Can the method be easily applied to other real-life datasets such as surveillance videos, facial recognition, or remote sensing images to enhance vision safety, in addition to experimental datasets like CIFAR and ImageNet? Can this method be extended to domains beyond vision, such as NLP, to enhance adversarial robustness in text processing tasks? What is the efficiency of the method, i.e, can it be implemented in plain GPUs?

审稿意见
5

The paper aims to improve the robustness of Vision Transformer using spectral normalization. During training the spectral norm of weight matrices in Transformer are estimated using power method and is added to the training loss. The theoretical results include a local Lipschitz bounds of self-attention which are correlated with the spectral norm of weight matrices.

The proof of this paper consists of two parts. The first part derives the Jacobian of one self-attention layer in Transformer. The second part bound the norm of the Jacobian around a ball of input X. Although the theorem is presented and useful, I cannot regard this paper as a “theory” paper because the techniques used to derive and bound Jacobian are standard (e.g., using triangle inequalities). This is fine for a paper focusing more on the empirical side.

My main concern for this paper is that the theoretical results are loose and are not directly connected to the experiments part (see below); the empirical results used weak adversarial attacks and training methods that are far from the current state-of-the-art. So I tend to reject the current version of this paper, but I am happy to reevaluate the paper based on new results from the authors.

优点

  1. The robustness and Lipschitzness of transformer-based architectures are not well explored in the literature.
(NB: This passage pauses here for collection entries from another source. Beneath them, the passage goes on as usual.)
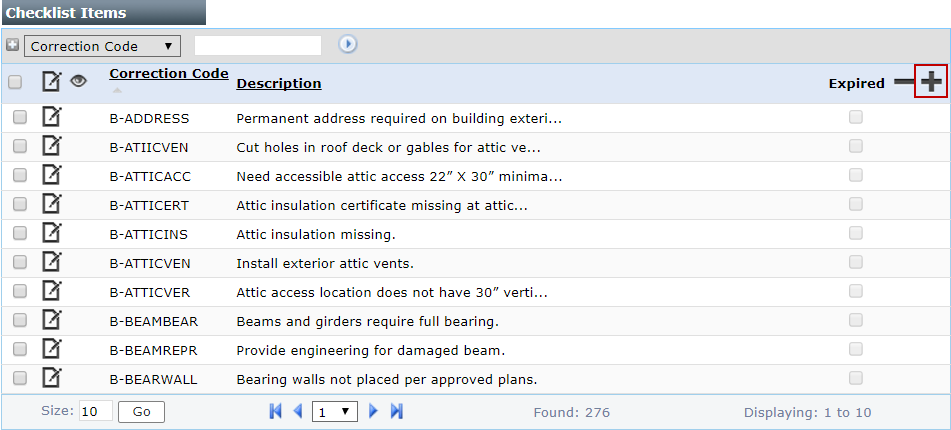 - On the Checklist Items panel, click Add record at the top of the panel.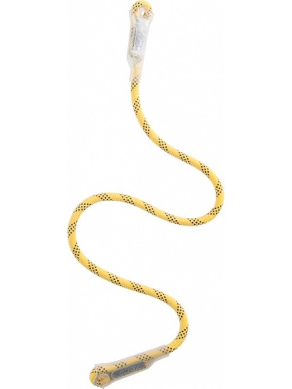 Ус выполнен из полиамидной веревки диаметром 10-11 мм. Ус легко встегивается при помощи карабина в обвязку. Размер петель рассчитан таким образом, чтобы зафиксировать положение карабина. Благодаря новой технологии зашивки веревки, петли на веревочных самостраховках прочнее привычных узлов. Прошивка защищена пластиковым протектором, предохраняющим сшивку от истирания.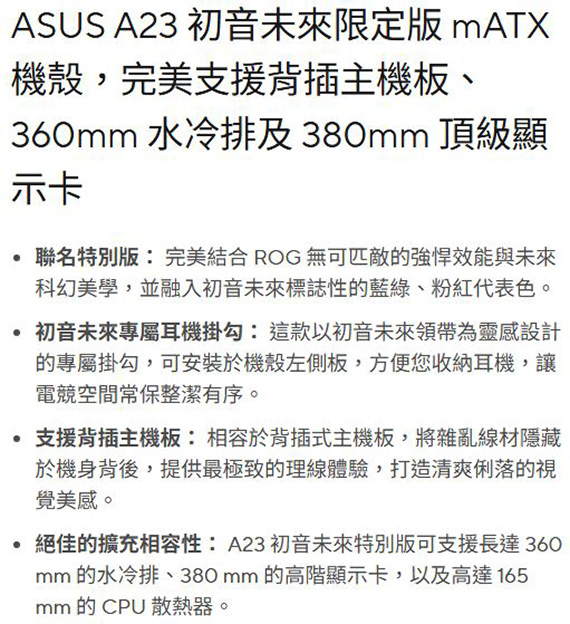 ASUS華碩 Prime A23 MIKU White Edition 初音未來限定版 玻璃透側 M-ATX 機殼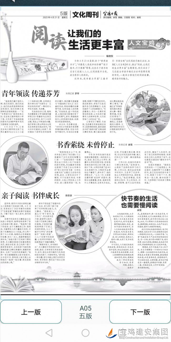 編者按:在第28個(gè)世界讀書(shū)日到來(lái)之際,《寶雞日?qǐng)?bào)》社策劃了讀書(shū)專(zhuān)版,鑒于寶雞建安集團(tuán)工會(huì)長(zhǎng)期堅(jiān)持舉辦的“書(shū)香企業(yè)”征文活動(dòng)在社會(huì)的影響力與美譽(yù)度,記者來(lái)電提出采訪(fǎng)意向,公司工會(huì)極力舉薦了來(lái)自基層一線(xiàn)熱愛(ài)閱讀并多次參與讀書(shū)征文的技術(shù)人員張振東同志。5月21日,《寶雞日?qǐng)?bào)》發(fā)表了這篇小專(zhuān)訪(fǎng),現(xiàn)予轉(zhuǎn)發(fā)。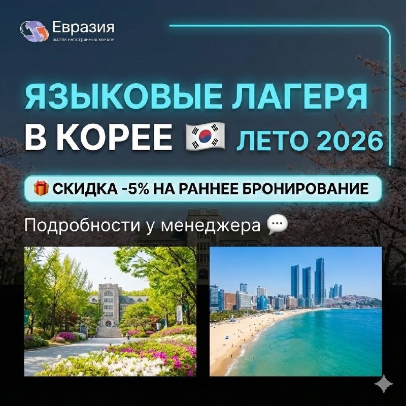 ❄️✈️ Сейчас — самое выгодное время планировать лето 2026 и бронировать языковые лагеря в Корее 🇰🇷 Пока действуют минимальные цены и скидка −5% на раннее бронирование — дальше стоимость будет расти. Что можно выбрать 👇 Пусан Лагерь на базе крупнейшей международной школы корейского языка Lexis Korean. Современная программа, сильная языковая практика, море и динамичный город. 🗓 25.07–15.08.2026 (3 недели) Сеул — университет Ewha Обучение в одном из топ-5 университетов Кореи. Академическая атмосфера, кампус в центре столицы и полное погружение в язык и студенческую жизнь. 🗓 28.06–18.07.2026 (3 недели) Сеул — Lexis Korean Международная школа корейского языка с интенсивной практикой, комфортным форматом обучения и насыщенной культурной программой. 🗓 04.07–25.07.2026 (3 недели) Во всех программах — обучение, языковая практика, культурные активности и сопровождение на всех этапах поездки. 🎁 Отличная идея для новогоднего подарка себе или близким — впечатления, которые останутс

A majority of papers studying robustness used convolutional neural networks. This paper nicely provides new results to fill this gap.

  2. The theoretical results, while straightforward, are new in the sense that existing literature considers only the global Lipschitz bounds.

  3. The writing of this paper is clear and easy to follow. Sufficient implementation details are given in the experiment section and also in the appendix.

缺点

  1. Although the paper provides some bounds on local Lipschitz constants, it is rather loose and is likely vacuous in practical networks. In particular, the N(N+1)B factor can be really large. Here N is the number of tokens and B is the Frobenius norm of the input of this layer. The three factors multiplied together give a factor of about a thousand or more.

  2. Some “theorems” and “propositions” (including 4.2 and 5.1) are textbook results. I feel it is not needed to write them as theorems in the paper. They do not add to the technical contribution of this paper.

  3. The theory part and the experiments are disconnected: the main theorem presented is about the L2 norm of the attention layer, but the actual attack is done with PGD attack with Linf perturbation of 2/255 and 8/255.

  4. The baselines presented in experiments are far from state-of-the-art. It would be better to actually show whether this method can improve upon a state-of-the-art adversarial defense training method. For example, https://robustbench.github.io lists many training methods can can achieve over 60% robust accuracy on CIFAR10.

问题

  1. Can you evaluate the numerical values of the Lipschitz constants according to Theorem 4.3 for the networks trained in this work vs vanilla neural networks?

  2. Can you provide results using PGD with more steps and also autoAttack? FGSM and 20 step PGD are pretty weak and cannot truly evaluate model robustness.

  3. Can you provide results for L2 norm robustness? This is a more relevant setting to the theory developed in this work.